To master this concept, focus on understanding that you're grouping like factors together, just as you would combine identical items into one pile. This not only simplifies equations but also lays the groundwork for solving them.

Solving linear equations is a foundational skill in algebra. A linear equation is one in which the highest power of the variable is one. The general form is \(ax + b = 0\), where 'a' and 'b' are constants. To solve for 'x', you must isolate the variable on one side of the equation.

In the given exercise, after combining like terms, you are left with \(10x = x - 16\).
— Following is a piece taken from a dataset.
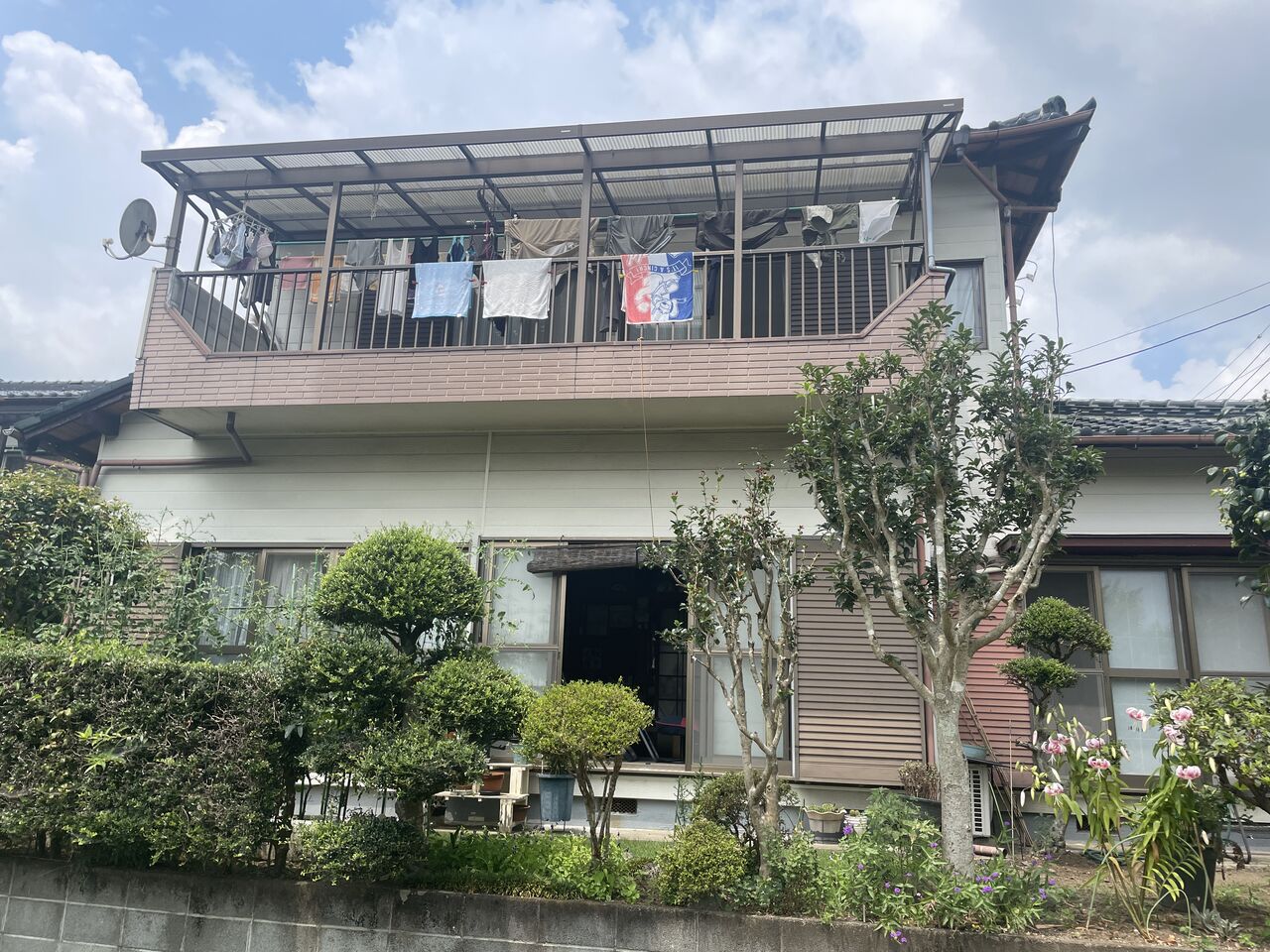 某所、ベランダのシート防水が傷んできたので、上からFRP防水を施工し、外壁サイディングの目地コーキングも劣化して切れてきているので、打ち替え予定です。

To solve for 'x', subtract 'x' from both sides to isolate the terms containing 'x'. This leads to the equation \(9x = -16\), which you can then solve by dividing both sides by '9', yielding \(x = -\frac{16}{9}\).

Remember, the goal is to get 'x' by itself, so reverse the operations that are being applied to 'x', maintaining the balance by performing each operation on both sides of the equation. Practice this concept by working through a variety of linear equations to develop a clear understanding of the solving process.

Substitution is a technique used in algebra to find the value of expressions. Once you find the value of the variable, you 'substitute' it into another expression to evaluate it. This is particularly important when solving a set of equations or evaluating expressions where the variable appears in more complex forms.

In our example, after solving the linear equation, you find that \(x = -\frac{16}{9}\). To evaluate \(x^2 - x\), you substitute the value of 'x' into the expression, resulting in \(\left(-\frac{16}{9}\right)^2 - \left(-\frac{16}{9}\right) = \frac{256}{81} + \frac{16}{9} = \frac{400}{81}\).

Substitution is a powerful tool that can be used for a variety of purposes in algebra, such as solving systems of equations or evaluating functions. It is a straightforward process, but requires careful attention to ensure that the substitution is done correctly. Precise substitution is key to obtaining the correct results in algebraic computations.